◆ **Task item**
Copy every record exactly, and keep the pictures out.

── Dataset entries ──

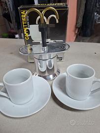 macchinetta da caffè espresso Bialetti con 2 tazzine e 2 piattini ancora completa di scatola originale
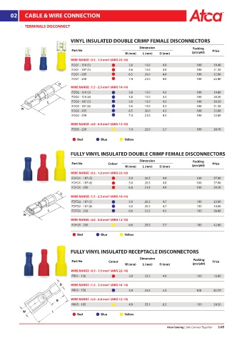 FULLY VINYL INSULATED DOUBLE CRIMP FEMALE DISCONNECTORS
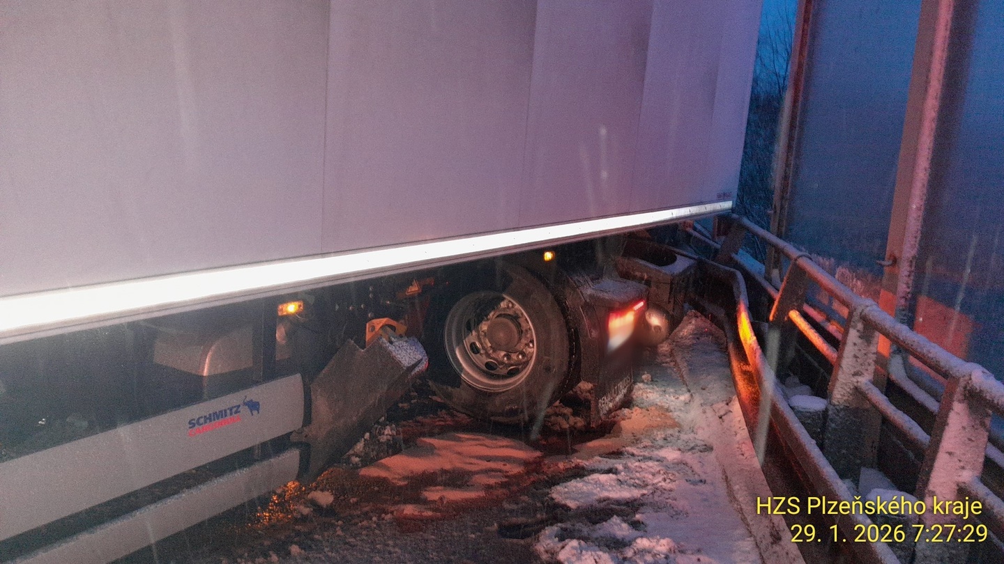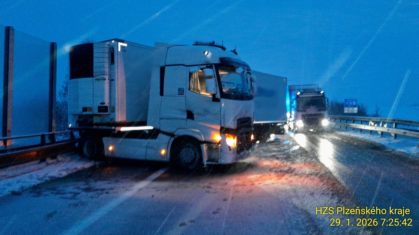 Obě nehody se naštěstí obešly bez zranění, hasiči zajistili prostor nehody a likvidují únik nafty z kamionu. Zásah na místě podle mluvčího hasičů komplikuje počasí.
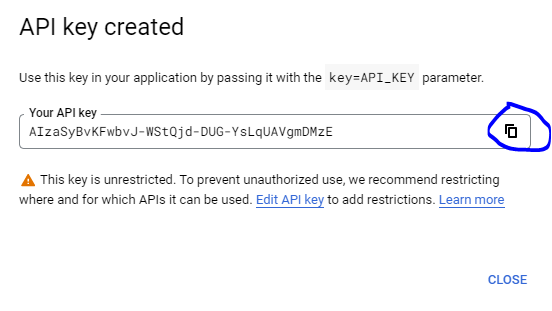 14. It will generate a API key, click to Copy that Key.
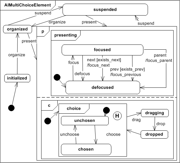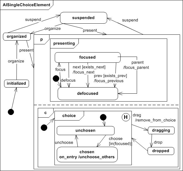 The Abstract Interactor Single Choice Element extends the AIChoiceElement presenting state in the sense that it adds a choice run in parallel with the presenting super state. A AISIngleChoiceElement is initially listed and if it recieves the choose event (and it's focused) all other elements get unchosen. This ensures that only one element is chosen at a time. The choice state is stored persistently even if the interactor gets suspended.
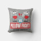 Hilarious spoof has a throw cushion VS a soft pillow duking it out with boxing gloves and says Pillow Fight! Lightweight Championship in retro red, white, blue and grey colours.
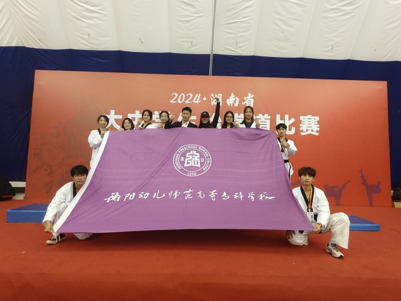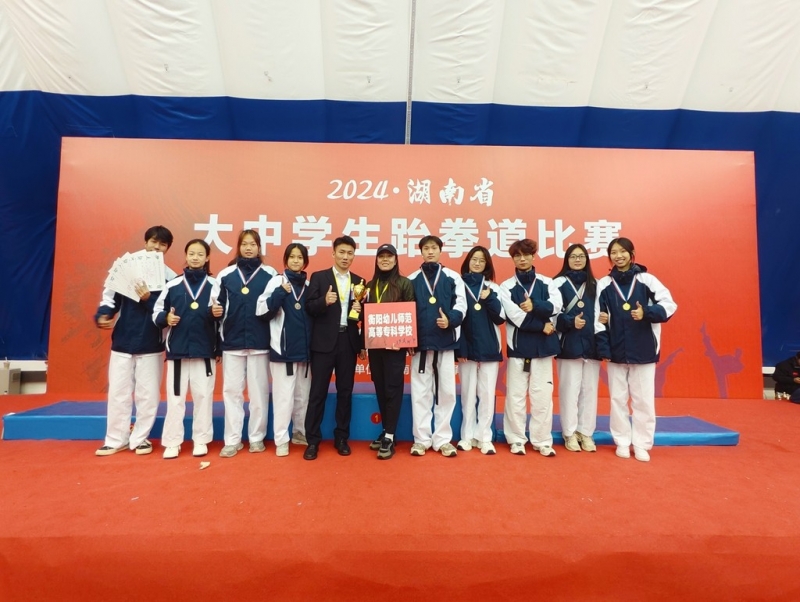 近日,我校跆拳道代表队在湖南省教育厅主办的 2024 年湖南省大中学生跆拳道比赛中获得2枚金牌,3枚铜牌,2个第五名的优异成绩,在参赛的34所高职院校中竞技团体总分排名第四,实现了我校参加省级体育赛事金牌零的突破,书写了我校体育事业发展的新篇章。
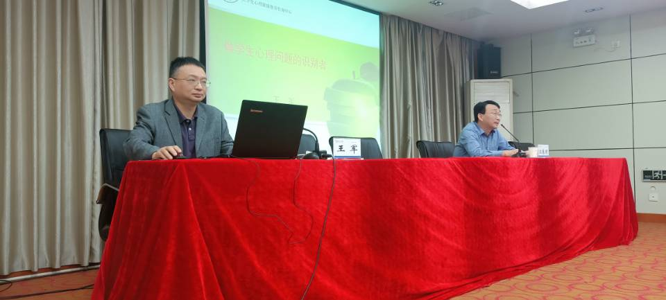本次活动分为辅导员培训和辅导员经验交流两个阶段。在第一阶段,安徽工业大学心理咨询与健康研究中心主任、马鞍山市心理咨询师协会会长王军教授为全体辅导员进行了一场主题为“做学生心理问题的识别者”的专题讲座,王军首先向大家介绍了心理健康的标准及大学生常见的几个心理问题,接着他结合具体案例分析了大学生心理问题产生的原因,最后他强调了“宽容”和“赞美”在做好学生工作中的重要性。
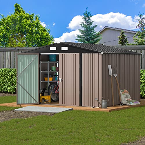 ?????Spacious 10'x10' Storage Sheds? (124"L x 120"W x 80.71"H). This garden shed is perfect for storing snow blower, lawn mower, outdoor chair, large umbrella, fire pit, bikes, skateboards, trash can, kids' toys, generator and other items.
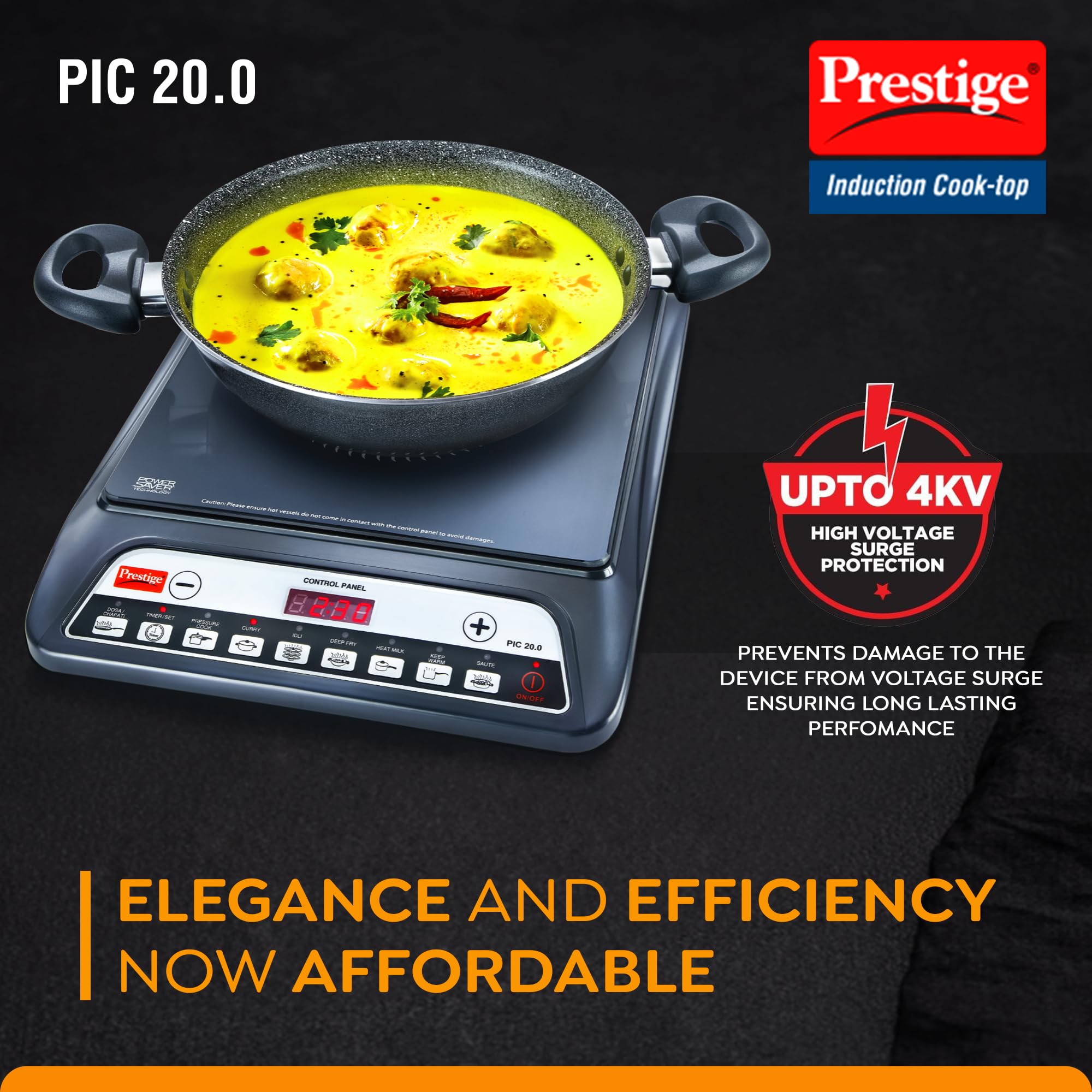 Prestige PIC 20 1600 Watts Induction Cooktop |Indian Menu Option |High Voltage Surge Protection| Automatic Power & Temperature Adjustment|1 year Warranty |Black

───

◆ **Answer for this exercise**
 macchinetta da caffè espresso Bialetti con 2 tazzine e 2 piattini ancora completa di scatola originale
 FULLY VINYL INSULATED DOUBLE CRIMP FEMALE DISCONNECTORS
 Obě nehody se naštěstí obešly bez zranění, hasiči zajistili prostor nehody a likvidují únik nafty z kamionu. Zásah na místě podle mluvčího hasičů komplikuje počasí.
 14. It will generate a API key, click to Copy that Key.
 The Abstract Interactor Single Choice Element extends the AIChoiceElement presenting state in the sense that it adds a choice run in parallel with the presenting super state. A AISIngleChoiceElement is initially listed and if it recieves the choose event (and it's focused) all other elements get unchosen. This ensures that only one element is chosen at a time. The choice state is stored persistently even if the interactor gets suspended.
 Hilarious spoof has a throw cushion VS a soft pillow duking it out with boxing gloves and says Pillow Fight! Lightweight Championship in retro red, white, blue and grey colours.
 近日,我校跆拳道代表队在湖南省教育厅主办的 2024 年湖南省大中学生跆拳道比赛中获得2枚金牌,3枚铜牌,2个第五名的优异成绩,在参赛的34所高职院校中竞技团体总分排名第四,实现了我校参加省级体育赛事金牌零的突破,书写了我校体育事业发展的新篇章。
本次活动分为辅导员培训和辅导员经验交流两个阶段。在第一阶段,安徽工业大学心理咨询与健康研究中心主任、马鞍山市心理咨询师协会会长王军教授为全体辅导员进行了一场主题为“做学生心理问题的识别者”的专题讲座,王军首先向大家介绍了心理健康的标准及大学生常见的几个心理问题,接着他结合具体案例分析了大学生心理问题产生的原因,最后他强调了“宽容”和“赞美”在做好学生工作中的重要性。
 ?????Spacious 10'x10' Storage Sheds? (124"L x 120"W x 80.71"H). This garden shed is perfect for storing snow blower, lawn mower, outdoor chair, large umbrella, fire pit, bikes, skateboards, trash can, kids' toys, generator and other items.
 Prestige PIC 20 1600 Watts Induction Cooktop |Indian Menu Option |High Voltage Surge Protection| Automatic Power & Temperature Adjustment|1 year Warranty |Black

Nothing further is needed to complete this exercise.